As Democrats become increasingly a party of the well educated and the affluent, some political scientists have predicted that they will cease to focus on lifting up working-class voters. It is, after all, Democrats who are voting to raise taxes on some of their own to pay for health care for people who vote for Republicans, who would take their health care away and lower taxes on the rich.

Ro Khanna, a Democratic congressman representing Silicon Valley, says that he detected from his constituents, who are among the wealthiest in the nation, no sense of a retrenchment on the priority of lessening inequality. “I think that most of the people who I represent understand that you can’t have a healthy economy if it is just based on the coasts,” he says. “If you do that, you are going to continue to have the divides we are seeing in this election over anti-immigration sentiment, anti-technology sentiment, and we can’t have a prosperous country if the economic inequality continues.”

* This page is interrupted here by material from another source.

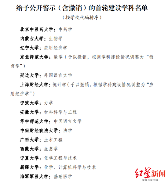 ▲给予公开警示(含撤销)的首轮建设学科名单

As party strategists blame the so-called wokes for Democrats’ defeat, some center-left figures are going further and insisting that it is not just left-wing cultural politics that hurt the party but left-wing economics, too. Dmitri Mehlhorn, a Democratic strategist who, until recently, worked for the megadonor Reid Hoffman, puts the blame on the party’s defeat not just on “defund the police” rhetoric and lax border policy but Harris’s price-gouging proposal, which he says “offended the business community.”

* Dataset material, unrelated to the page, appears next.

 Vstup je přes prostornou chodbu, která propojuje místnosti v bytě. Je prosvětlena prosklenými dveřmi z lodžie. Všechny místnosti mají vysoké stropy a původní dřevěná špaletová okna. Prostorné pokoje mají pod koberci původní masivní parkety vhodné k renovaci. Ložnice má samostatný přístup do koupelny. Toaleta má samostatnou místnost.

Reines agrees: “The left took the wrong lesson from the 2016 primary. They somehow decided that it meant that the party needed to move even further left.”

Matt Bennett, the executive vice-president of Third Way, an avatar of the center-left politics, warns against a nakedly populist approach as Democrats think about 2028. “Populism is about two things: Who is the villain, and what is the offer?” he says. “And the reason that left-wing populism is weak sauce compared to right-wing populism is that the right wing has ignorant and stupid notions about how immigrants are stealing your jobs and bringing crime, and left-wing villains are oligarchs and corporations and it is just not as clear a set of villains — not when the guy we just elected is palling around with the richest man in the world.”

For the left, those villains don’t only reside in the Republican Party.

“When have you ever seen this administration do anything to support any marginalized communities?” says Andrabi of Justice Democrats. “Instead, you see a party of, by, and for the elite, and we can’t deny that. Working-class people see that. We have politicians controlled by a consultant class, fighting on behalf of their biggest donors, and we are ready to take them out.”